Political cartoons and publications from the 1930s called for Egypt to reclaim the Sudan, and they reveal larger Egyptian discourses of colonial loss and parochialism seen in fine art representations of the Sudanese. In February of 1936 the widely circulated Arabic-language newspaper al-Musawar printed a cartoon (Fig. 12) in which the Sudan pens a letter to Egypt stating his commitment to the nation. The figure is seated in profile against a map of northern Egypt and specifies in writing that Egypt has rightful ownership of the Sudan, as well as its cities and inhabitants, south of Khartoum.19 His clothing resembles that of an Egyptian schoolboy and, together with his downcast gaze and slouched position at a desk, visually manifests the overwhelming submission demanded of the Sudan by Egypt. This infantilizing image of the Sudanese also manifested in written reports concerning Egypt-Sudan relations and dismissed Sudanese liberation movements of the period. For instance, a 1935 report, entitled dahaya misr fi al-sudan (Egypt's Victims in the Sudan), attributed anticolonial revolts in the Sudan either to the “tyranny” of the Mahdi in the late nineteenth century or to the inspiration that the 1919 Egyptian uprisings brought to the Sudanese.20
Sudan, personified as a schoolboy, writes to Egypt.
Such newspaper illustrations and written reports formed the milieu in which Rasim understood Upper Nile subjects, and, like many other Egyptians, he likely limited the meaning of La Négresse to the colonialist narrative of the Egyptian state.21 Although Rasim's written reflections on Said's painting do not explicitly refer to colonial history, his decision to rename the Black woman “Sudanese Flower” suggests an imperialist perspective on the subject and the bygone eras that she symbolized. Color and setting in La Négresse may have also encouraged Egyptian critics and viewers to understand the female subject as both compatriot and colonial subject.
The interplay between exterior and interior in the painting renders the Black woman alien to Alexandria's dynamic cultural realms— whether elite or working class—while imprisoning her in the visual and conceptual order of the city. Just as Egyptian newspapers portrayed Sudanese men as harmless schoolboys willing to give up their land and community for Egypt's sake, the Black woman in La Négresse is transformed into a colonial subject trapped as a servant—literally and metaphorically—within Egypt's urban fabric.

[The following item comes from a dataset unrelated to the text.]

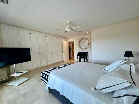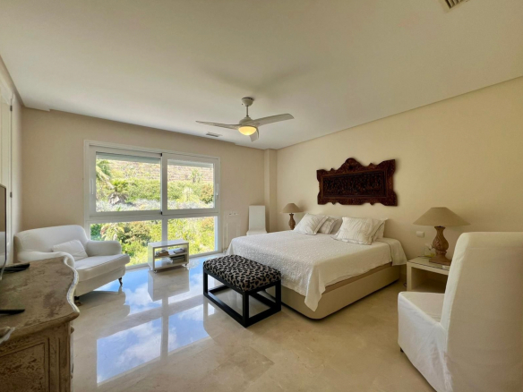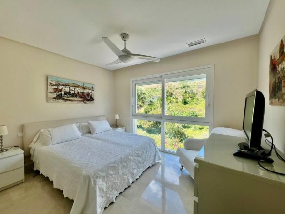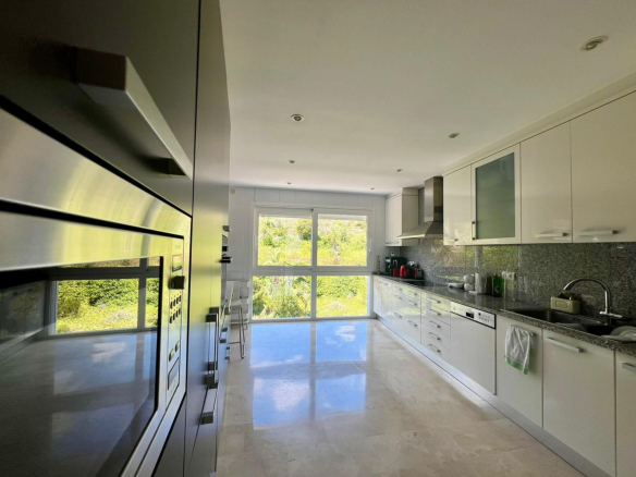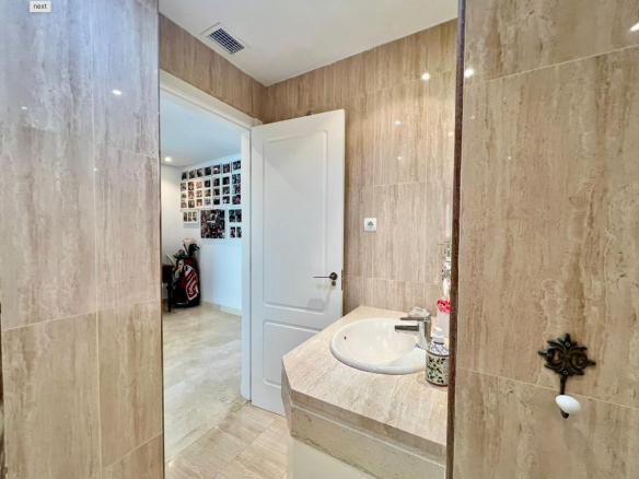 La communauté fermée dispose d’un système de sécurité 24h/24, de deux piscines (dont une chauffée) et d’un terrain de paddle. L’appartement comprend quatre places de parking et une grande salle de stockage.

The development of social science museums in Egypt can also explain why Rasim and his contemporaries identified Said's “Negress” as a Sudanese colonial subject. State-sponsored exhibitions played an important role in solidifying the connection that local visitors would have made between La Négresse and the Sudan. As part of their goal to compensate for the collective sense of political loss found among literate Egyptians, national museums of ethnography, heritage, and culture attempted to symbolically revive Egypt's hegemony in the Upper Nile and offered Egyptians a rare glimpse into the Sudan and east Africa. In the years prior to the Anglo-Egyptian Treaty of 1936, the British administration in Sudan restricted a majority of Egyptians from traveling into the southern protectorate, for fear that nationalist, anti-British sentiment growing in Egypt would spread up the Nile (Holt 1963). Establishing the Khedivial Geographic Society (KGS) in Cairo in 1875 became an important part of Khedive Ismail's modernizing program because it served to distance Egypt from Africa and bring it closer to Europe on political and cultural levels, thereby enabling it to become a modern nation. The KGS contained an Ethnographic Museum with the first Sudan-themed exhibitions in Egypt. Staff there included European geographers and scientists, who gave viewers a tactile vignette of the Sudan's people and places by pairing weaponry and river boats from the Sudan with photographic panels displaying various male and female “types” from “Album d'Afrique Centrale” in frontal and profile poses (Fig. 13). Such displays not only portrayed Sudanese material culture and sub-Saharan Africans alike as primitive specimens, but they also symbolically overwrote the diverse tribes, kingdoms, and sultanates of the Upper Nile with the imperial logic of Egyptian nation-building.22 The Ethnographic Museum's displays of east Africa thus served to represent Egypt as both the modern portal to a stateless Africa—reduced to the stereotype of bilad al-sudan—and a powerful player in the formation and dissemination of colonial knowledge.
These two photographs are displayed in a panel entitled “Album d'Afrique centrale” at the Ethnographic Museum in Cairo. The two women appear in frontal and three-quarter angle rear poses intended to invite scientific and physiognomic analysis of their faces and bodies. Created ca. 1875.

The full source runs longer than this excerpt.